Tacit vs. Explicit Knowledge

Explicit knowledge is knowledge that you can get out of a book, or a video, or a web page. It is A-B-C, 1-2-3, step-by-step knowledge. This is the knowledge found on Wikipedia, and similar resources like user guides, user manuals, and other books. This is the knowledge most of us understand from school, and other formal learning.

Tacit knowledge requires proximity and experience. It is not readily converted into book form. Knowledge about how to make sausage is a good example. You learn to do it by watching and by doing. Usually, you need a little coaching. It requires that you are communicating with someone that is watching you and coaching as you gain experience and competency.

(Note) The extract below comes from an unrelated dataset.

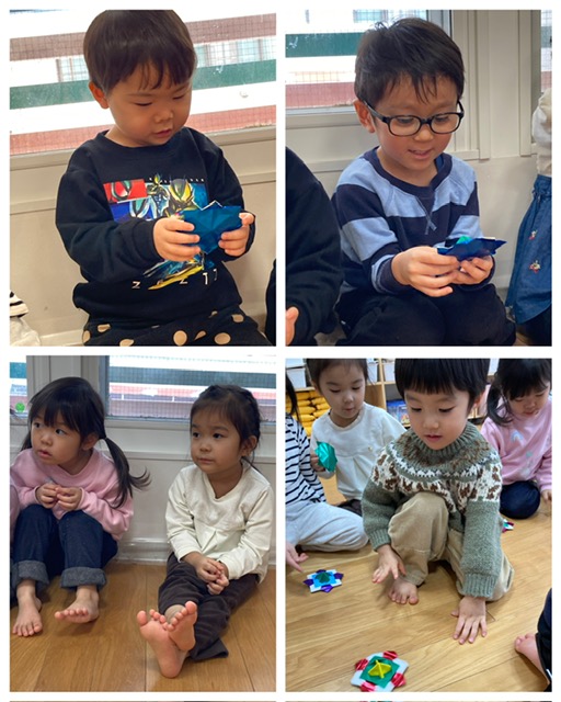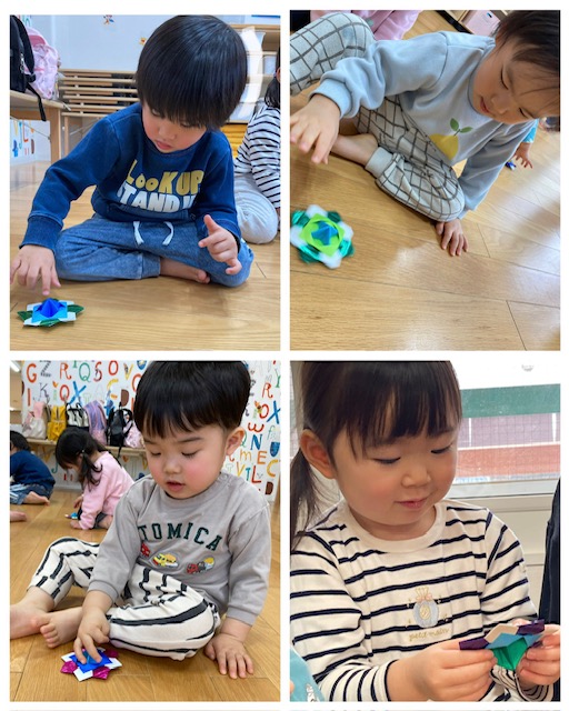 キラキラ折り紙のこまを見て目を輝かせていた子どもたち。

On teams that build complex products, much of the team knowledge is of this tacit type. Having proximity to the engineers and testers, and listening and watching others who are competent in the craft is how you learn here. It is like watching sausage being made. Difficult differences and unsightly mistakes are part of the recipe in tacit knowledge creation.

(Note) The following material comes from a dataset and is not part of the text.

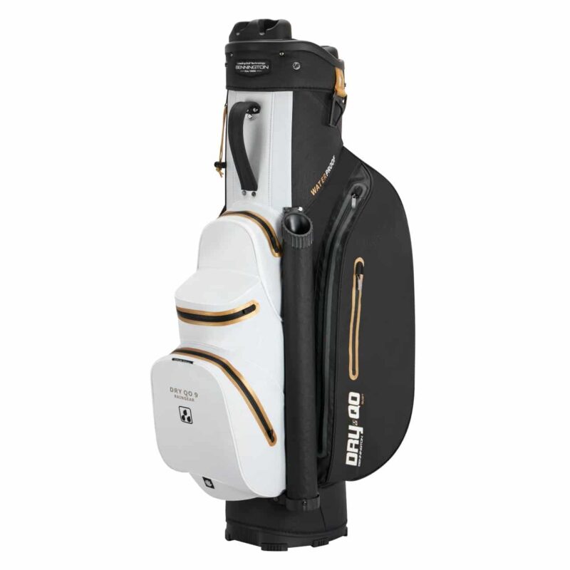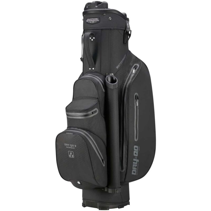 Bennington DRY-QO 9+ golfa somiņa ir izgatavota no īpašiem ūdensnecaurlaidīgiem materiāliem. Turklāt ūdensnecaurlaidīgie rāvējslēdzēji nodrošina, ka jūsu nūjas un piederumi paliek sausi jebkuros laikapstākļos.

Knowledge creation, like sausage making, can be difficult to watch.

 

 

Usually, substantial knowledge is held by the people in a team, the tribe or the enterprise. The knowledge– technical and cultural– is tacit.

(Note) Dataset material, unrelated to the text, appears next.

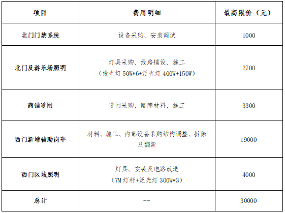 2.项目内容:包含北门门禁系统安装、北门及游乐场照明施工、商铺道闸增设、西门新增辅助岗亭及区域照明改造等。

A culture is this very real thing, yet it defies description. When you are in it, you are of it, and it affects you, and you get it. Yet it is hard to describe in writing or even to verbalize. The culture of a team, tribe or organization is the set of assumptions, the set of beliefs that are collectively held. It is not easy to reduce this to explicit knowledge.

You must “go to the gemba”, and visit, and get proximity to get a feel for what a team believes and understands about itself. Even then, explaining it accurately to someone else is tough.

In my book The Culture Game, I document a step-by-step, explicit-knowledge framework for scaling Agile, from teams to tribes. The book is intended as an A-B-C,  how-to manual, for the typical manager in the typical organization who wants to spread the essence of Agile. That essence is organizational (what I call triballearning.